**Directions for this task**
Reproduce the listing exactly, with no pictures in your copy.

----

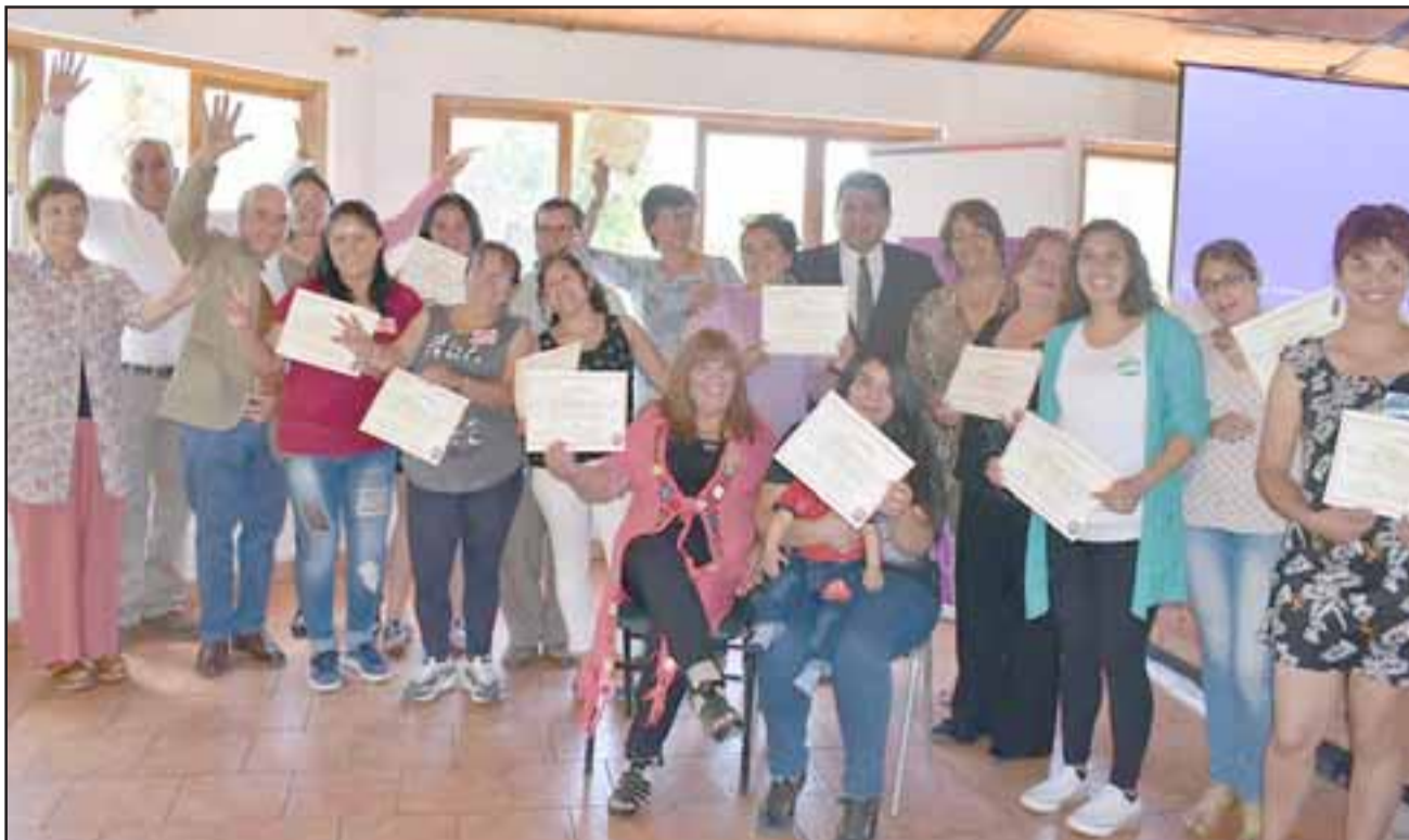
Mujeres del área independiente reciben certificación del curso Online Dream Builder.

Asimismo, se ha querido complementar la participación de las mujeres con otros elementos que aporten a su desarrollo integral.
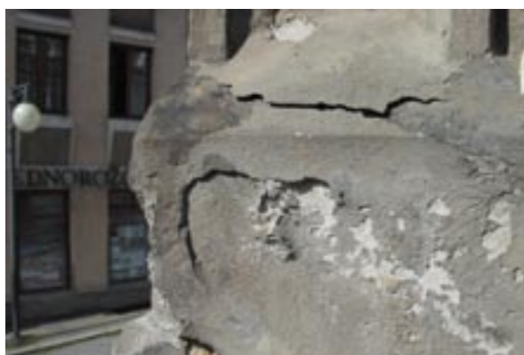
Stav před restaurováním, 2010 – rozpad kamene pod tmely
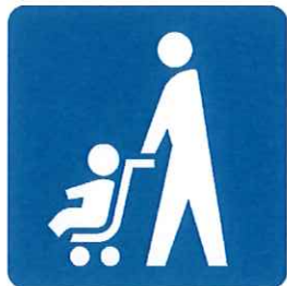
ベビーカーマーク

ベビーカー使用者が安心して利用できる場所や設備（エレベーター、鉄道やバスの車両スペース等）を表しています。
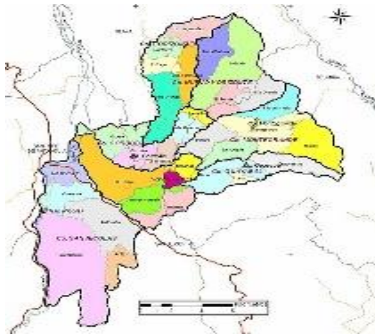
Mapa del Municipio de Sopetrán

----

**Answer area**
Mujeres del área independiente reciben certificación del curso Online Dream Builder.

Asimismo, se ha querido complementar la participación de las mujeres con otros elementos que aporten a su desarrollo integral.
Stav před restaurováním, 2010 – rozpad kamene pod tmely
ベビーカーマーク

ベビーカー使用者が安心して利用できる場所や設備（エレベーター、鉄道やバスの車両スペース等）を表しています。
Mapa del Municipio de Sopetrán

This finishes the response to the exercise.